Пустынь, ее площадку, храм и сад со всех сторон мрачною стеною обступили темные ели. Насупились и словно что сторожат здесь. Точно раз попавшего сюда они уже не выпустят назад. Жутко даже становится, так жутко, что совершенно понимаешь того афонского монаха, который, как-то попав сюда, думал остаться и не выдержал — бежал, чуть не помешавшись, в Угрешский монастырь[115]
.— Мрачно у вас. Скудно.
— С Богом и в лесу жизнь, а без Бога и в раю соскучишься.
Из какого чудного леса выстроена здесь церковь. На нее шли бревна аршина полтора в диаметре. Дерево крепкое, словно камень. Здоровыми соками питалось и целые века шумело в вышине горделивой вершиной, давая приют тысячам птиц, прежде чем, могучее и еще полное жизни, оно упало под топором монаха.
Внутри церковь совершенно проста и скудна, как подобает в пустыне.
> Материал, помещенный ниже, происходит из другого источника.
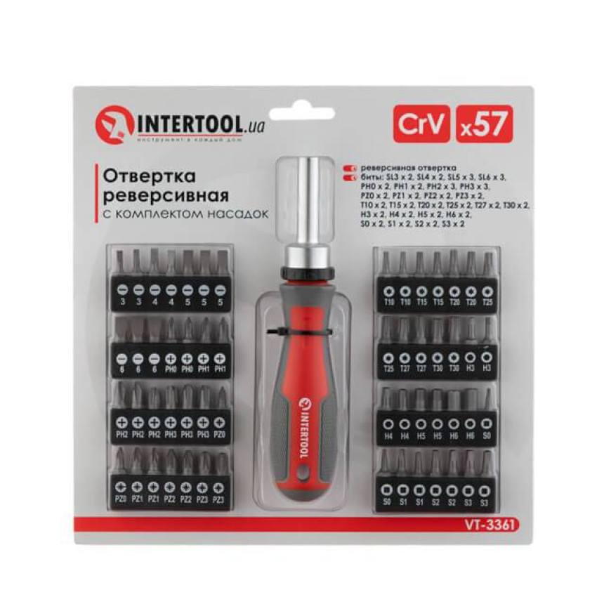 Викрутка INTERTOOL VT-3361 з комплектом насадок виготовлена за останніми технологіями і відповідає вибагливим запитам майстрів. Призначена для монтажу та демонтажу різьбових з'єднань різних типів. Така реверсивна викрутка стане відмінним помічником в домашньому арсеналі інструменту, а також в персональній майстерні, на виробництві.
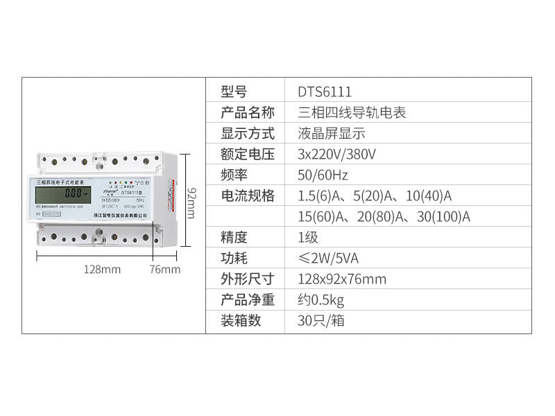 型號:DTS6111-7三相導軌式電表
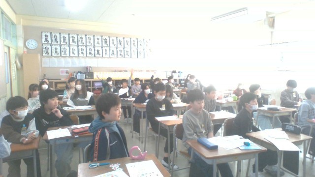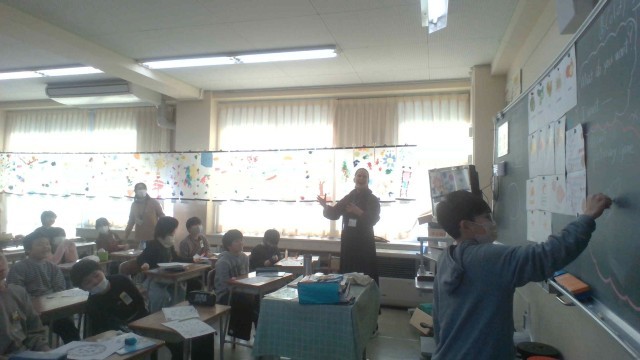 外国語活動では、乗せたいピザの具材を聞き合う活動を通して、自分が欲しい物を伝える表現に慣れ親しみました。
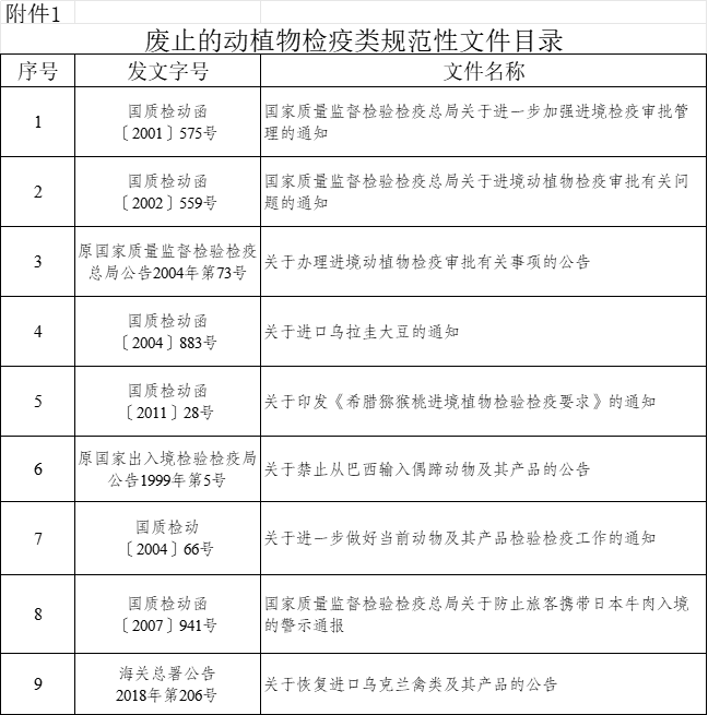 (关于废止和宣布失效部分动植物检疫类规范性文件的公告)

— Церковь молитвой держится, а не окладами. В убогой церкви Бога еще лучше зришь. Не заставлен Он от тебя сокровищем.
— Вот, пойдемте, покажу я вам красоту неописанную. Картину такую, какую земным художникам не написать. Небесный художник ее рисовал.
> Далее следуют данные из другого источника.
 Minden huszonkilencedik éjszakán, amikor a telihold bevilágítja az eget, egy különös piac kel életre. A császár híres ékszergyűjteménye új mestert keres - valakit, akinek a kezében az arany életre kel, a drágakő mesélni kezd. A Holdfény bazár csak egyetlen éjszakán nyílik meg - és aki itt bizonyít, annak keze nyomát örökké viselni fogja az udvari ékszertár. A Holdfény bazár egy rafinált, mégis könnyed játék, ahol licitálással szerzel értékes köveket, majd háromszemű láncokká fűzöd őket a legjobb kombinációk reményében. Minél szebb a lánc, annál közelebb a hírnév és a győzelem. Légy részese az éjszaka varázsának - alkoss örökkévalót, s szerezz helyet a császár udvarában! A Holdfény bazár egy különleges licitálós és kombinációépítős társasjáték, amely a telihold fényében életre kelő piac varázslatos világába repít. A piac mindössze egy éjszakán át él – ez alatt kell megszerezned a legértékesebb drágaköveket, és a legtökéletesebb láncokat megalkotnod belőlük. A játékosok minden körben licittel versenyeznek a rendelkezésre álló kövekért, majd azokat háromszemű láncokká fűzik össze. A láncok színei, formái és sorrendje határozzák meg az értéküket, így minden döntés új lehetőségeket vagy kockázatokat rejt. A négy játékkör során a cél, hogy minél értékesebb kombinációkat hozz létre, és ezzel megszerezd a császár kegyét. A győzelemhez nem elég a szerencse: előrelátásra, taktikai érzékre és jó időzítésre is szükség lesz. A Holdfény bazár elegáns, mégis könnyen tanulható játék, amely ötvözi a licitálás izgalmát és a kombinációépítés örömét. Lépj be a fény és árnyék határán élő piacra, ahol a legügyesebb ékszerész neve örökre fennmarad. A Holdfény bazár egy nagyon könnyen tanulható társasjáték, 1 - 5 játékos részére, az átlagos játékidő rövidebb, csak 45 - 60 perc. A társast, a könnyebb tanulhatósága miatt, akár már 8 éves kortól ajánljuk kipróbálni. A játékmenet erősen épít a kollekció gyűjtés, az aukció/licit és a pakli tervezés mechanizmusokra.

Вышли из пустыньки. Вдруг леса и скалы, до сих пор заставлявшие даль, раздвинулись. Обрыв вниз. Мы стоим на карнизе. Пред нами безбрежный простор Ладоги, появившийся неожиданно, точно по мановению волшебного жезла. Ели шумят далеко внизу, маленькими кажутся с этой высоты! Мне эта картина живо напомнила вид из Байдарских ворот в Крыму[116]
, где путешественнику, утомленному однообразным маревом гор да лесов, вдруг представляется громадная перспектива Черного моря.— Иной раз, внизу так играет стихия! Могущество Бога своего являет. Пены набьется, точно в серебряных облаках наш остров плывет.
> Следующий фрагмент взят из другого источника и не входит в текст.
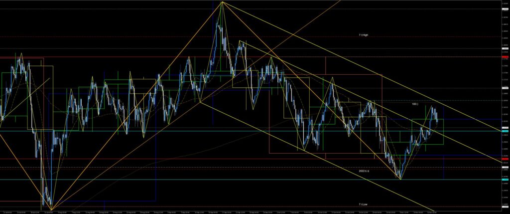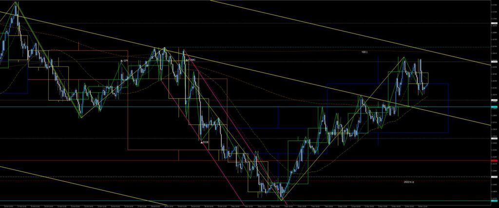 週明けから水曜に掛けて日足SMA21と4h足SMA21に挟まれ、2週前高値下降波の戻り売りと先週安値上昇波との売り買いの攻防で保合いました。

Над обрывом — крест, тесанный из гранита. Налево — залив, гавань, куда из-за пятидесяти верст бегут корабли отстаиваться от бурь.
— Нам только одни мачты их видны да палубы. Махонькими кажутся. Им к нам нельзя, нам к ним не подобает. А гавань мы во имя св. Никона окрестили… Вон наши рыбари выезжают.
Какая-то черная точка действительно ползет по морю, ничего на этой черной точке не разглядишь.
— Это, должно быть, отец Олимпий. Он и есть! — всматривался Ириней.
Постоянная привычка разглядывать предметы на далеких расстояниях дала удивительную зоркость старческим глазам. Где-то в стороне точно клочок тумана осел и мерещится оттуда. Ириней разглядел около этого островка монастырский пароход. Видимое дело, человеку одна житейская отрада и оставлена — любоваться на эти дивные дали. Тут и слепой прозреет.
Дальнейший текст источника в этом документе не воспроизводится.